Today's junior high school students have lived their entire lives under the late New Order, in which there are only three political parties, in which there are five recognized, official religions, in which ninety percent of school aged children graduate from elementary school where they memorize the five tenets of Pancasila and study the heroes of the revolutionary war. This paper explores what these junior high school students have to say about their experiences in school and their understandings of what it means to be an Indonesian citizen.
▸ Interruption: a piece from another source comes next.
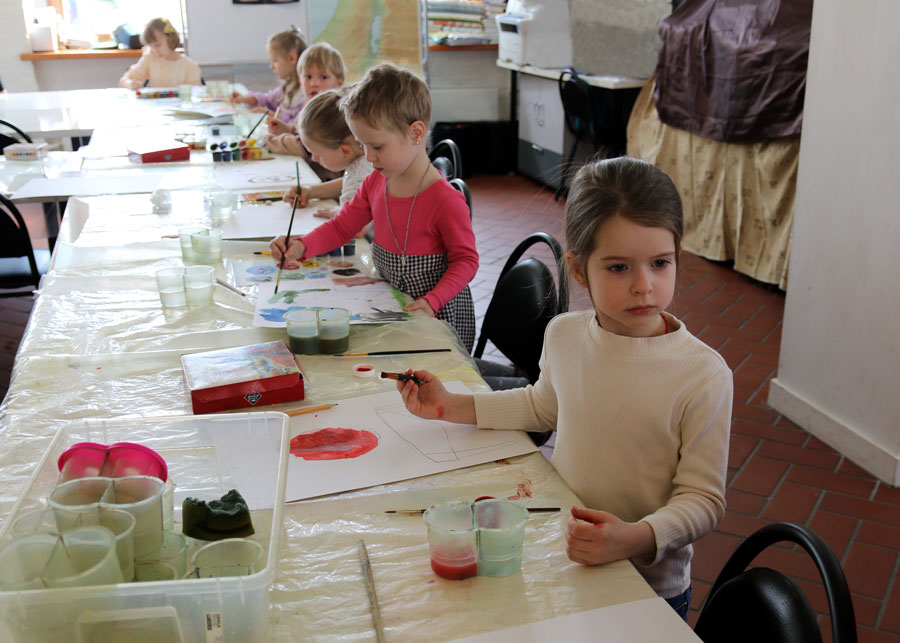 В преддверии светлого праздника Воскресения Христова для учеников воскресной школы и детей прихожан было организовано занятие по рисованию.

Unity, Diversity, and Inter Generational Conflict in Late New Order Indonesia

Craig C. Thorburn, University of California, Los Angeles

Indonesia is a society fraught with latent social, ethnic and religious tensions, which occasionally erupt into local, regional, or national spasms of mass violence. During his quarter century in power, President Suharto has deftly (albeit sometimes harshly) steered Indonesia down a path of stability and development. The feat of maintaining political harmony in such a vast and ethnically diverse nation as it undergoes wrenching socioeconomic growth is nothing short of phenomenal. This paper focuses on one of the most persistent arenas of tension endemic in the Indonesian political system, that of ethnic identity and local versus centralized control of economic resources. Many of these struggles begin to take on a different cast in the context of an uncertain political climate as Suharto enters his sixth and almost certainly final five year term. While most Indonesia watchers focus on the issue of presidential succession, another generational transition is taking place throughout the far flung islands of the archipelago. As local customary leadership continues to cede power and influence to the ever more confident Indonesian state, a new generation, educated by that state, is coming of age. Traditional institutional arrangements governing access to and use of resources are unraveling, and what is to replace them remains unclear. As Indonesian scholars, NGOs, and indigenous activists gain experience and self assurance, we can expect a growing clamor for a return to greater community control over local resources and economic affairs.